We continue to impatiently tap our feet awaiting Andriot's reply, if any, and Jeff will be posting again on this topic on Tuesday, but in the meantime, I'd like to return to a comment of Andriot's that grates more jarringly with each passing day.

"New Albany isn’t ready for movable tables and chairs yet."

My response:

In the absence of substantive input from New Albany's citizenry, exactly how do you know this?

Did Bob Caesar and Shelle England assure you that the simple, guileless folks in New Albany cannot ever grasp such concepts, or absent any apparent desire to query the general populace, did you even go so far as to ask the tiny non-representative membership of the bicentennial committee itself?

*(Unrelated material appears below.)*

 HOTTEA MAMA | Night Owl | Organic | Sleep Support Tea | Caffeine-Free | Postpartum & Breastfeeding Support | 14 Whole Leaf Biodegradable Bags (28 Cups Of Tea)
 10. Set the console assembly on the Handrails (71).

Or, rather, did you glance at the history of the park site and conclude that any city so ineptly willing to decimate a historic post office building and permit the devastated footprint to go perpetually to seed over a period of almost 50 years afterward does not deserve to be considered capable of grasping movable furniture?

At this point, I thought it wise to search "movable furniture," and the very first hit reveals a factoid with which Andriot and his firm might readily (and unfortunately) agree: New York City is the sort of place where they're actually ready for movable furniture (see below).

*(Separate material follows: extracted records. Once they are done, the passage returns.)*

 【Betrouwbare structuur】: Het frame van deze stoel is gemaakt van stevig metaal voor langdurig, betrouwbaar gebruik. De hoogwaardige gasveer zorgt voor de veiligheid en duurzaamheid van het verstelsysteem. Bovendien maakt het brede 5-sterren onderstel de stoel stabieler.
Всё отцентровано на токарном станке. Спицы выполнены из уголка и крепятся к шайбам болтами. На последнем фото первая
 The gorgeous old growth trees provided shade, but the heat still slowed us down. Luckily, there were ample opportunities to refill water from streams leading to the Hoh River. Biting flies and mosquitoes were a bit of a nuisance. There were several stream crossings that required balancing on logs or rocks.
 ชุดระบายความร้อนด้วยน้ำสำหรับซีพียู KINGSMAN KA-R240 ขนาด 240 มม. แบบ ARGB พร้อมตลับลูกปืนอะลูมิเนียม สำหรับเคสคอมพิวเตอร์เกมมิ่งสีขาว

There, but not here ... okay, so why?

Are we that much dumber, and New Yorkers that much smarter, that we can't even be asked by the designer?

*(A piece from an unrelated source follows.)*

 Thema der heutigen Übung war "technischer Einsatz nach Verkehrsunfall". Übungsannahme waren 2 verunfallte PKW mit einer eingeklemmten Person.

Ahh, but maybe it isn't because ordinary New Albanians don't get it.

Maybe it's because the cadre of top-downers, those same suspects, self-appointed to spoon feed us their conventional white bread wisdom without sharing what passes for reasoning, don't understand movable furniture themselves, and the designer has wisely chosen not to offend his somewhat paymasters (a frightened, hands-off city council ensures they operate sans accountability) by instead casually offending those of us in the general populace: after all, if the powers that be were not going to solicit public input for a $750K project, why the hell would the landscape architect care to do so, either?

I suppose that in this sense, the Bicentennial already has become wonderfully and delightfully New Albany, which is to say, the same tired, congenital, wearisome song and dance.

The Battery Conservancy Americas Design Competition 2012 Invites You to Draw Up Chair

The Battery Conservancy invites students and professionals from the Americas (Canada, the United States, Mexico, Central and South America, and the Caribbean), to design an iconic moveable outdoor seating element. The winning design will be fabricated for use at The Battery, the 25-acre park at the tip of Manhattan which annually welcomes six million visitors.

Why a Moveable Chair?
As the great urban theorist William Holly Whyte discovered: “Chairs enlarge choice: to move into the sun, out of it, to make room for groups, move away from them. If you know you can move if you want to, you feel more comfortable staying put.” The Battery’s movable chairs will delight while they invite, animating the park and making it Downtown’s central meeting place.